Isaiah 33:17 - Albert Barnes' Notes on the Bible

Bible Comments

Thine eyes - The eyes of the righteous, described in Isaiah 33:15.

Shall see the king in his beauty - Some understand this of the Assyrian king. Thus Kimchi understands it, and supposes it means that they shall see him at the walls of Jerusalem; that is, shall see him destroyed. Vitringa supposes it means Yahweh himself as the king of his people, and that they should see him in his glory. Others suppose it relates to the Messiah. But the immediate connection requires us to understand it of Hezekiah (compare the note at Isaiah 32:1-2). The sense is, ‘You shall be defended from the hostile army of the Assyrian. You shall be permitted to live under the peaceful and prosperous reign of your pious monarch, and shall see him, not with diminished territory and resources, but with the appropriate magnificence which becomes a monarch of Israel.’

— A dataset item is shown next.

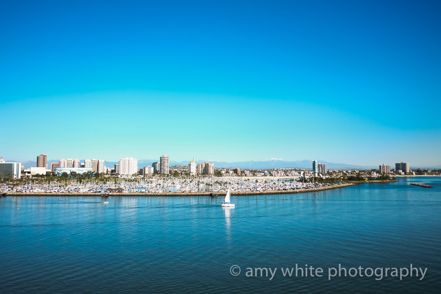Pam and I went down to Long Beach one day to check out a Princess Diana exhibit on the Queen Mary. Here\’s a view from the boat. I love the snow capped mountains in the background.

The land that is very far off - You shall be permitted to look to the remotest part of the land of Judea as delivered from enemies, and as still under the happy scepter of your king. You shall not be confined by a siege, and straitened within the narrow walls of Jerusalem. The empire of Hezekiah shall be extended over the wide dominions that appropriately belong to him, and you shall be permitted to range freely over the whole land, even over the parts that are now occupied by the forces of the Assyrian. Virgil has a beautiful passage remarkably similar to this:

- jurat ire, et Dorica castra,

Desertosque videre locos, litusque relicturn.

AEn. ii. 28.

Isaiah 33:17

17 Thine eyes shall see the king in his beauty: they shall behold the land that is very far off.